Je vous le donne en mile, cette enfant s'est libérée d'un poids contraignant le jour de sa première sortie de course en 2017. Un poids psychologique dont elle ignorait elle même la présence. Le poids de l'équipe.

J'ai été bien des choses dans ma vie, mais « populaires », très rarement. J'ai passé au travers mes années scolaires en faisant tout pour me faire accepter, et cela passait souvent par ne prendre aucune place. Ni la mienne, ni celle que je me devais de prendre au sein d'une équipe. Je me souviens de moments très douloureux où j'aurais voulu sentir que je faisais partie de l'équipe, mais je n'étais qu'en marge de cette dernière. Je contribuais à ses succès, mais n'en récoltais pas sa juste valeur de retours positifs. J'étais une enfant rejet, qui sans jamais même y penser, aurait mieux fait de faire un sport individuel.
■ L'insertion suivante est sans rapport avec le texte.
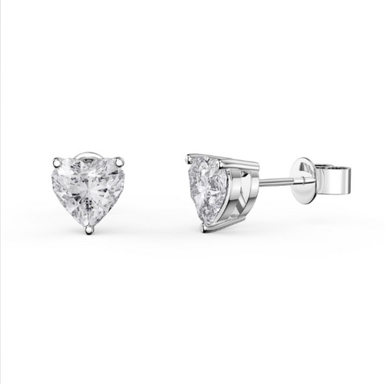 10k White Gold Plated 4 Carat Heart Created White Sapphire Stud Earrings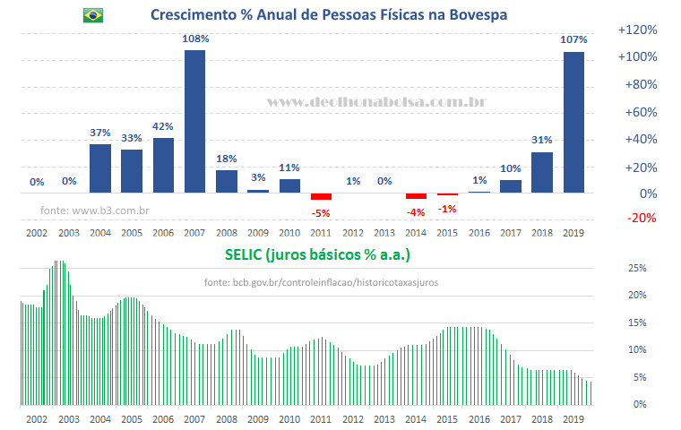 De fato, o número de pessoas físicas registradas na Bolsa de Valores de São Paulo mais que dobrou em 2019. E isso não espanta por algumas razões óbvias.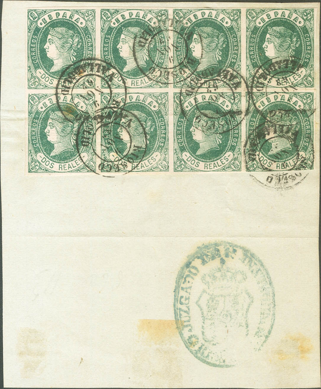 △ 62(8). 1862. 2 reales verde, bloque de ocho sobre fragmento. Matasello RIOSECO / VALLADOLID. MAGNIFICO.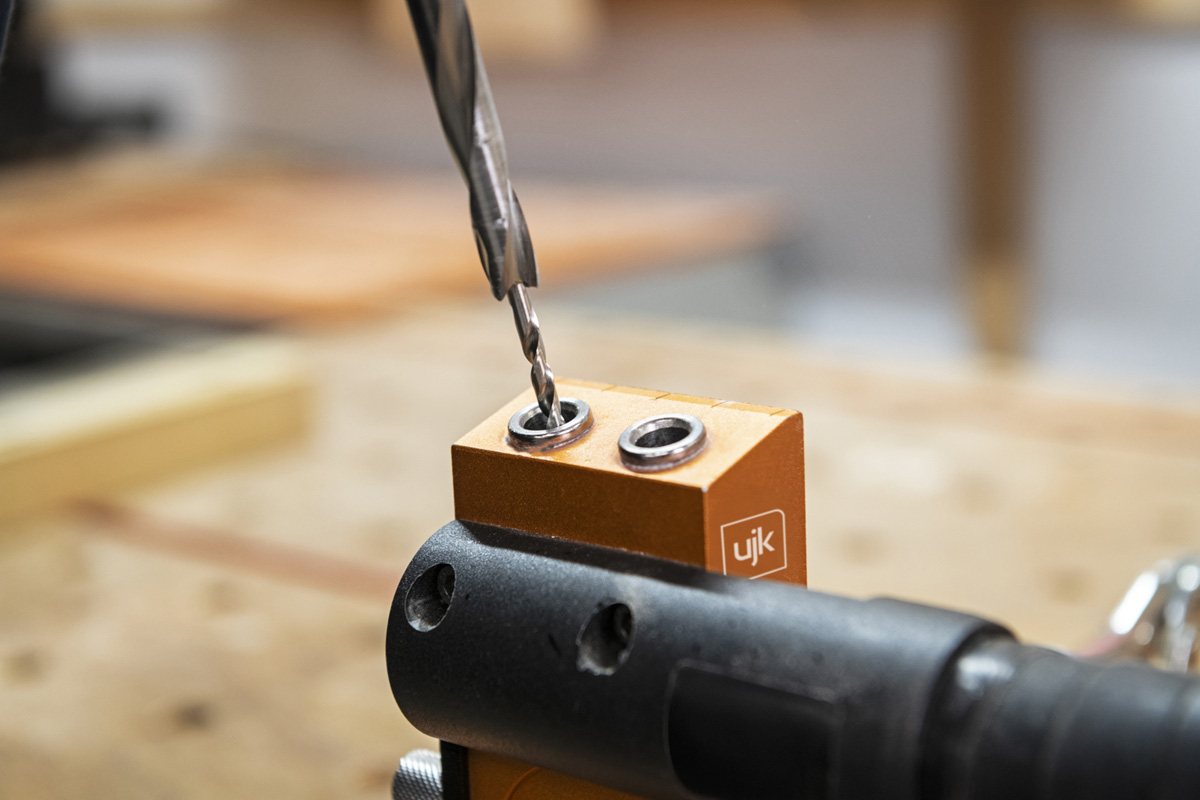 The UJK Pocket Hole Drill Bit Complete Package – your go-to for precise and efficient pocket hole drilling. This all-in-one kit features the UJK Pocket Hole Drill with a 12mm Bit, UJK Stop Collar, three replacement Drill Tips (30mm, 22mm, and 12mm) and Drift Pin. Upgrade your pocket hole drilling game with the UJK Pocket Hole Drill! The drift pin allows for easy pilot drill tip removal, and the replacement tips Manufactured from durable M2 Steel. The drill bit's unique shape is great for wider joints, making them stronger. Its design quickly clears waste for fast, clean results. It works seamlessly with all pocket hole jigs including the UJK Pocket Hole Jig, as well as Festool Centrotec systems, fitting perfectly with your existing tools. Manufactured in Austria, the UJK Pocket Hole Drill combines high-quality engineering with precision and durability, making it an essential tool for creating strong, hidden joints in your woodworking projects. Compatible with Kreg and Trend pocket hole jigs. For best results, use dust extraction with Pocket Hole Jigs and accessories.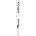 Questo cinturino Swatch è fatto in silicone ed è collegato all'orologio per mezzo di perni in acciaio. Il cinturino ha una larghezza di 19.7 mm e si chiude a mezzo di fibbia. Il cinturino non ha montatura dritta, il che significa che questo cinturino è adatto solo per gli orologi elencati di seguito.

Je suis certes un être très sociable. J'ai besoin, pour fonctionner, d'être entourée de gens au quotidien. Mais, dans le sport, je me suis découvert une personnalité d'ermite. Pas parce que les autres m'embêtent — heureusement, l'intimidation ne passe habituellement pas le cap de la vie adulte —, mais parce qu'il me confronte à ces performances qui ne sont pas les miennes. Me battre contre moi, c'est un combat déjà suffisamment prenant.

Mes premières courses organisées ont été des moments déterminants dans le fondement de la pensée dernière Coureuse ordinaire. J'étais en fin de peloton à chacune de mes participations. Oui, j'avais moi aussi une médaille, mais avait-elle de la valeur si je terminais 192e sur 230? C'est après une course, une course difficile, dans des conditions montagneuses que je n'avais pas encore essayé, que le déclic s’est fait. Ma médaille ne représentait pas ma victoire sur plein d'autres coureurs, mais celle sur cette enfant qui détestait tant courir, parce qu'elle n'avait pas encore compris quel genre de sportive elle était. Une coureuse ordinaire, mais une humaine extraordinaire.